返答は無し。夜も遅い。見ていない可能性は十分にあるが……。
>……いいわ。朝の時間は私がもらうから。おやすみなさい。
凛花が一方的に言い切ってトークを終える。
――次の日。
午前7時。かなり早い時間から動き出すのは凛花だ。
(なに。基本は胃袋を掴めばいいのよ。朝食も私が作って、一緒に食べ、一緒に登校する。ふふ、通い妻、ね)
藤宮宅のチャイムを鳴らす。問題は妹ちゃんね、と考える。だがいずれは通る道、今から少しづつ距離を詰めていけばいいだけのこと。
ガチャ、と戸が開く。
「おはよう。藤み、……」
現れたのは綾小路ことねだった。明らかにサイズの合っていない服を着て、それはまさに――。
「——」
「……」
「——見なかったことにするわ」
「うん……」
そうして凛花は”撤退”を選択。一人学校に向かうのだった。
* * *
「ことねちゃん? 誰だったの?」
「いや、大丈夫。何もないわ、澄乃ちゃん」
「そう? それじゃあ――」
——約三十分後。
「お兄ちゃん起きて~」
「ん……。澄乃が起こしに来るなんて、珍しい」
「今日は特別。ことねちゃんが朝ご飯作ってるよ」
「ことね……。ハッ!」
そうだ。昨日は……。
「……着替えてすぐに降りるから」
澄乃を部屋から出し、すぐに着替える。昨日、昨日か……。
部屋から出てリビングに向かう。
「……おはよう」
「おう……」
キッチンからふわりとだしの匂いが漂う。
エプロン姿のことねがフライパンを振っていた。――中に着ているのは、昨夜斗真が部屋着にしていたTシャツ。肩が落ち、裾は太ももぎりぎり。思わず視線が泳ぐ。

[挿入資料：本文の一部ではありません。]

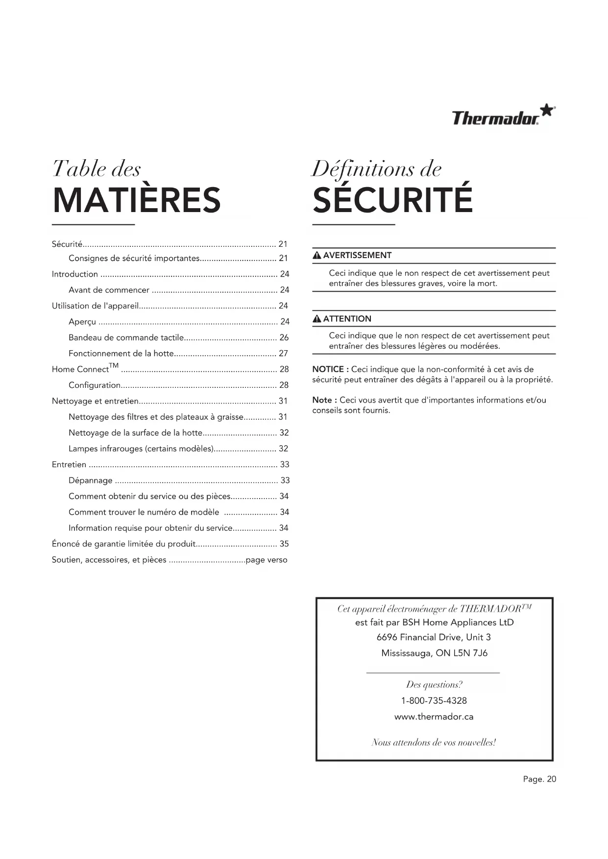 1-800-735-4328.Page. 35 Énoncé de Garantie Limitée du Produit Couverture de la garantie et à qui elle s’applique La garantie limitée offerte par BSH Home Appliances Corporation ("Thermador") dans cet énoncé de garantie limitée du produit ne s’applique qu’à l’appareil Thermador qui vous a été vendu, à titre de premier acheteur, pourvu que le produit ait été acheté :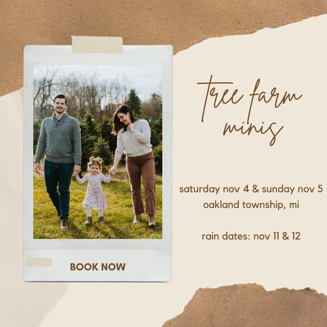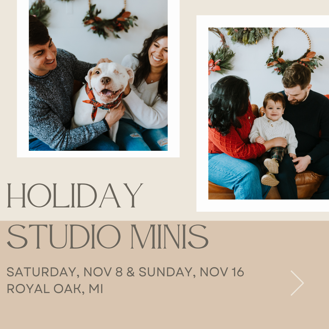A mini session is much shorter and meant to be more “quick and dirty,” meaning less variety in images and poses. They are meant to be for quick updates to your family photos, headshots, holiday card photos, etc. You’ll get a limited amount of digitals. Minis are great if you’d like to try me out!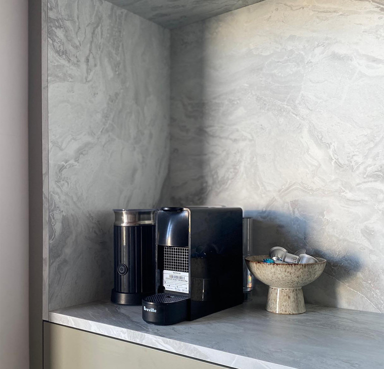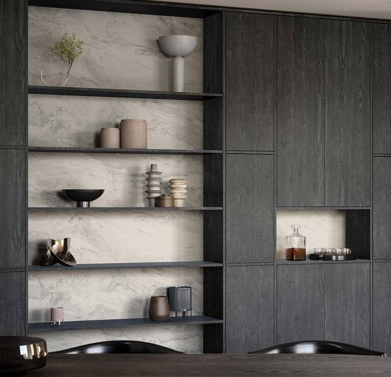 Kitchen images from Operation_homeimprovements. Bookcase image is a Melteca Shou Sugi bookcase with Pietra Cloud laminate at the back.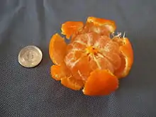 The komikan (小みかん, 小蜜柑) is a type of mandarin orange grown in Japan. "Ko" means "little", and "mikan" a type of citrus cultivar; komikans are unusually small. It is almost the same as the Kishumikan.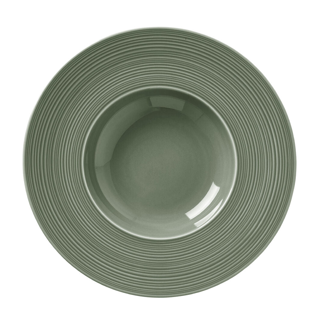 Finished in a natural fern green glaze, this porcelain pasta bowl features a wide rim with subtle concentric detailing, framing dishes beautifully while providing ample space for creative plating.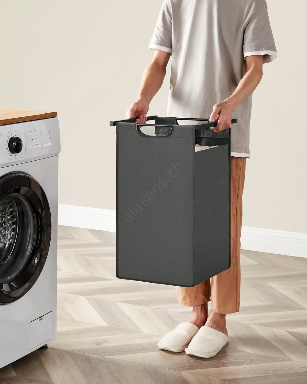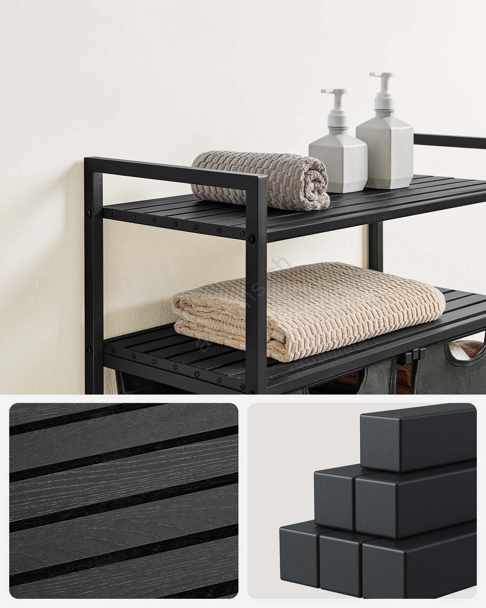• 2 sacchi, 2 ripiani – Separate il bucato in due sacchi in tessuto (46 l per sacco) e sistemate detersivi, ammorbidenti e altri accessori sui ripiani sopra di essi.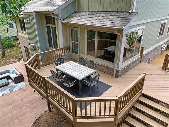 One block from Higgins Lake, you will find this stunning 3664 sf home which has off-season views of the water. This house features 3-bedrooms, with a primary ensuite on the main floor, and 4 baths. The finished walk out basement leads to a private backyard oasis with lush landscaping, patio area, plus a bon fire pit. Inside you will find updates throughout the entire home including granite countertops, new kitchen appliances, vinyl plank flooring, light fixtures, bathroom vanities, paint, and more. On those chilly days and winter nights you will appreciate the lovely fieldstone fireplace, a true focal point of the home. The dining area leads to a spacious upper-level deck with a beautiful view of the wooded backyard, where you can enjoy al fresco dining. If you have boats, SXS, snowmobiles, or RV's, this property can hold them all with TWO garages. A 22x22 attached garage as well as a 24x32 detached heated garage with 20-amp service and pull-through access. The paved driveway offers plenty of room for several cars and recreational vehicle parking, making it easy to host friends and family. A location bonus: you can walk to the nearby coffee shop for your favorite morning beverage or pick up a delicious Country Corner's Pizza.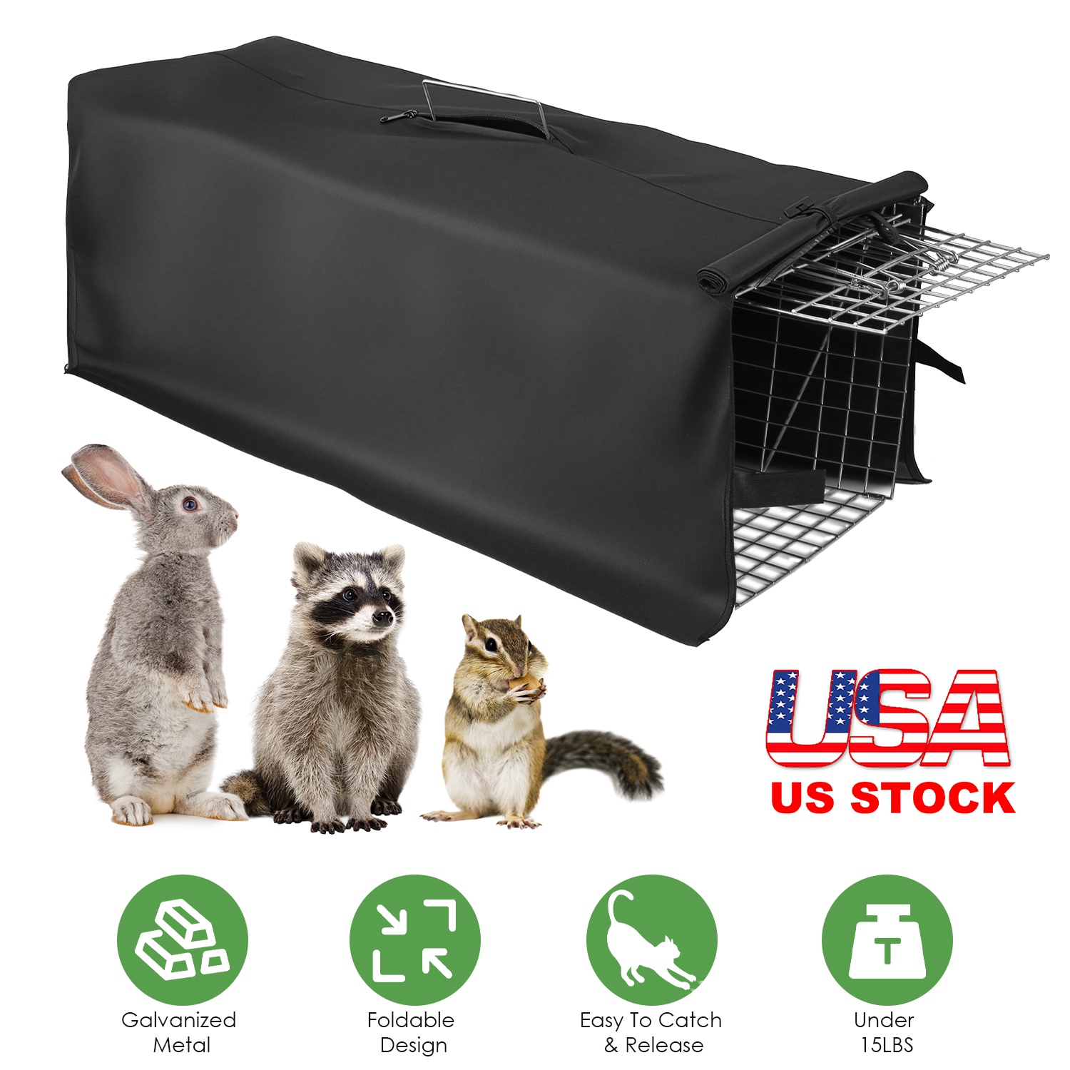 The 31” animal trap cage is a humane live trap for small animals under 15lbs, including raccoons, armadillos, cats, foxes, rabbits, and squirrels. Solid construction with galvanized coating resists bites, impacts, and corrosion, ensuring long-lasting use. The sensitive trigger and spring-loaded door enable easy capture with a light pedal touch, while the foldable design allows quick setup and space-saving storage. A portable handle with guard ensures safe transportation. Ideal for both indoor and outdoor use.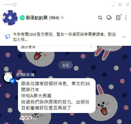 (「動漫趴趴購」LINE 社群截圖)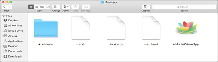 Sohbet geçmişi dosyaları chat.db, chat.db.shm, chat.db.wal vb. şeklinde isimlendirilmiştir (sohbet geçmişinin tamamını silmek istemiyorsanız, silmek istediğiniz dosyaları tek tek silebilirsiniz).
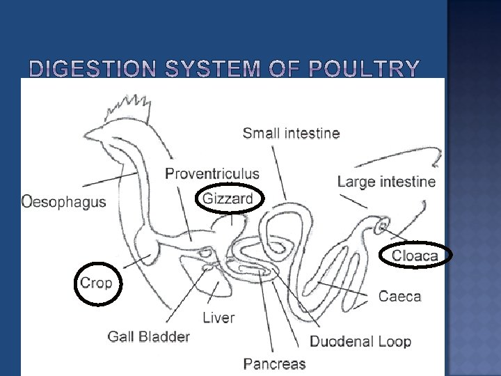 Label the major parts of poultry anatomy Explain the purpose of specific anatomical differences in digestion anatomy. Discuss the general reproductive anatomy of a hen.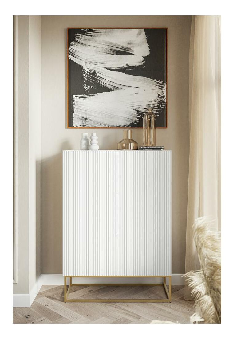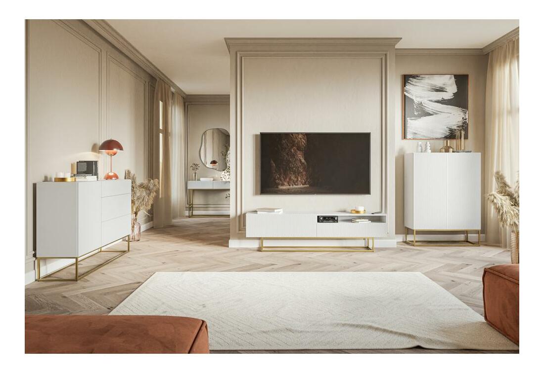 Zařizujete si svůj vysněný byt a na dokončení díla potřebujete ještě stylový nábytek? V takové situaci vám představíme naši jedinečnou kolekci – nábytek, kolem kterého neprojdete lhostejně Komoda je spojením minimalismu s designérským akcentem v podobě módních lamel. Frézovaná přední strana dodává celku jedinečný charakter – v kombinaci s velkými barevnými rostlinami bude nábytek vypadat opravdu skvěle. Interiér je rozdělen do tří prostorných výklenků, do kterých se úspěšně vejdou důležité dokumenty, ale také oblečení a náhradní ložní prádlo. Chcete-li si pokoj personalizovat, důležité rodinné suvenýry či fotografie si nepochybně najdou své místo na široké desce skříňky. Další výhodou nábytku jsou pevné nohy v podobě rámu z prášku lakované oceli, které mu poskytují maximální stabilitu a zároveň jsou stylovým doplňkem do obývacího pokoje. Detail produktu: korpus skříně je vyroben z 16 mm laminovaná deska Kronospan 110 PE, která je odolná proti vlhkosti a poškrábání, což zajistí dlouhé používání, lamely na přední straně jsou vyrobeny z MDF, čela skříněk se otevírají metodou push to open, nohy z oceli s práškovým nástřikem, s klouže, aby se zabránilo poškrábání podlahy.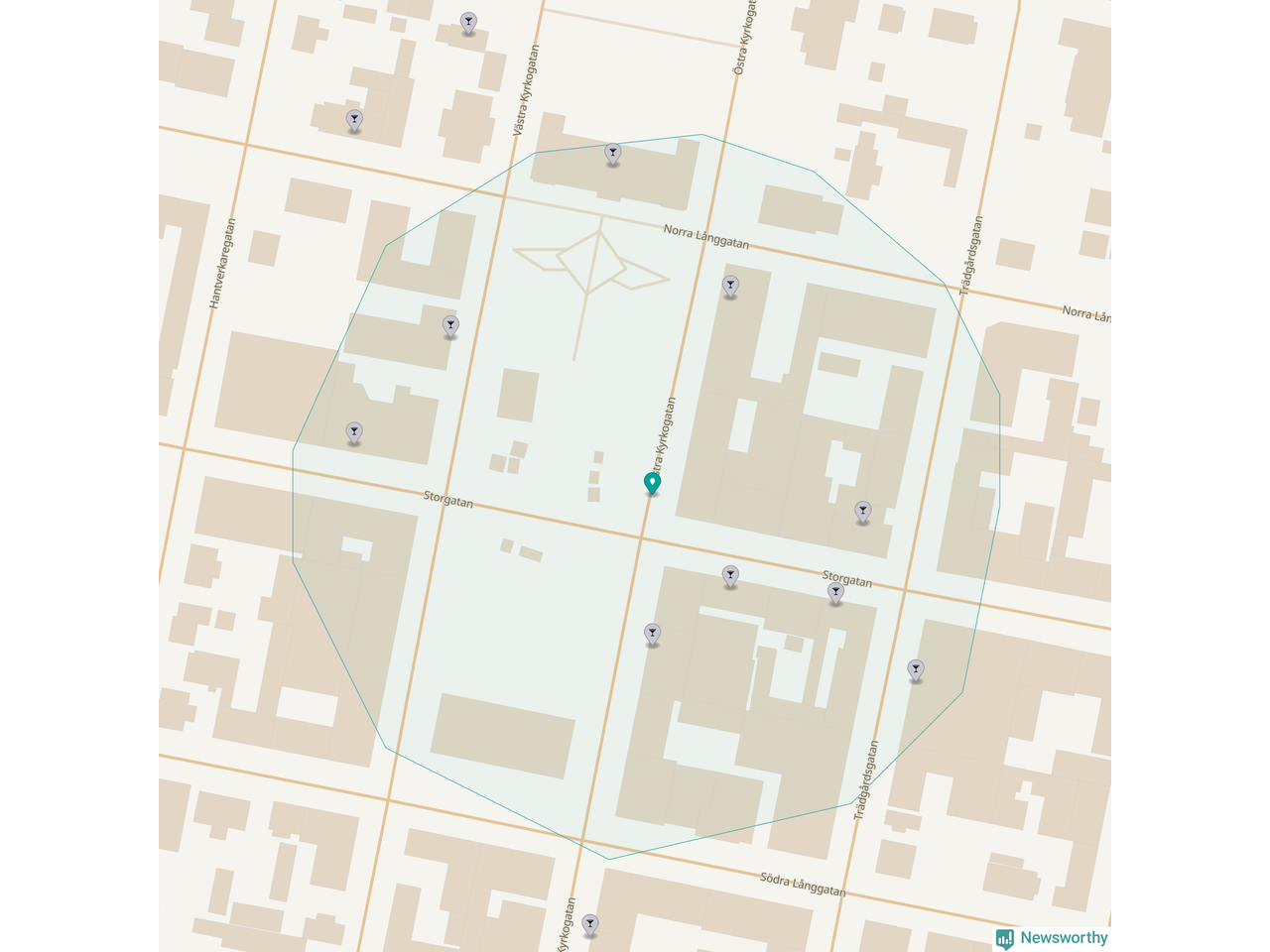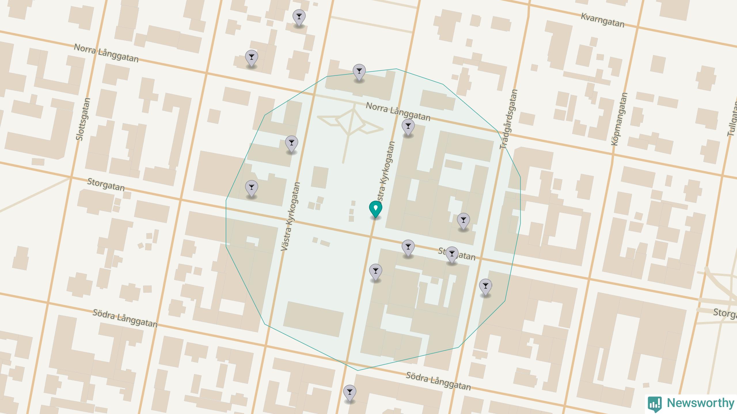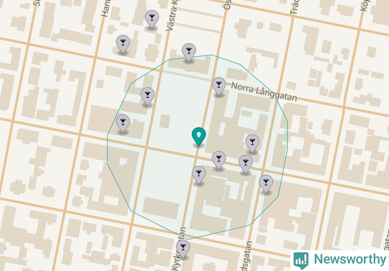 Tätast ligger förstås barerna ofta centralt i större städer. Den plats i Kalmar län där de ligger tätast ligger i Kalmar kommun: Om du står på Storgatan har du 25 ställen med serveringstillstånd inom en radie på 100 meter.

どうしていいか分からないまま、とりあえずテーブルに着く。そのタイミングで味噌汁とごはんが出てきた。
「……ありがとう」
「ううん……別に……」
テーブルに揃ったご飯たち。ごはん、味噌汁、鮭の切り身、冷奴、机の真ん中に切れ端のない卵焼き。
「お兄ちゃんのためにお弁当まで作ってくれたんだよ」
「なるほど。だから切れ端がないのか」
斗真の正面に座る澄乃が言う。そして隣にはことねが座る。
「……いただきます」
「……うん」
まず味噌汁から頂く。味は……少し薄かった。
「全部ことねが?」
「まぁ、うん。……おいしくない?」
「いや、そんなことはないぞ」
次は卵焼きを食べる。こっちはむしろしょっぱかった。
「醤油取ってくれるか?」
「うん」
醤油差しの位置的に澄乃の方が近いのにわざわざことねが手を伸ばした。澄乃は動く素振りすら見せなかった。コイツ、もしかして……。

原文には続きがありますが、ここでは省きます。